The Co-operative today insisted its bank did not require government support after a ratings agency warned it may need a taxpayer bail-out.
In a message to reassure customers and members, the Co-op said “we haven’t sought nor do we need government support” and insisted it was taking action to strengthen its bank’s balance sheet.
A downgrade from Moody’s last night saw Co-op Bank’s investment grade rating slashed to “junk” status – followed just hours later by yet another blow as the lender’s chief executive Barry Tootell resigned.
He had been brought in to lead the group’s failed deal to take over more than 600 branches from Lloyds Banking Group.
The group has been at the centre of intense speculation over its financial strength after pulling out of the bid, which is thought to have collapsed as the Co-op Bank struggled to fill a £1 billion shortfall in its reserves to cushion against potential future crises.

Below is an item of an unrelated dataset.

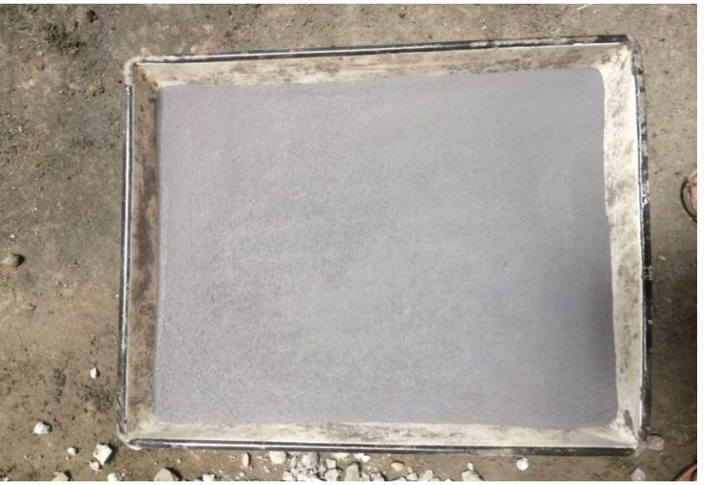
Fig. No. 3.1: Microsilica Supplied by walter pvt.ltd.

The microsilica used in the laboratory is complies with ASTM C1240 as shown in figure no.3.1 was obtained from Walter Pvt.Ltd. Mumbai.

It has been working to address this with the disposal of assets, such as its life insurance and asset management arm to Royal London and plans to sell its general insurance business.
But Moody’s said the bank’s capacity to absorb future losses was now too low to support an investment grade rating following hefty losses after rising bad debts and costs linked to its takeover of Britannia Building Society in 2009.
Moody’s added it may need “external” support and said there was “moderate potential for systemic support likely to be forthcoming from the UK authorities”.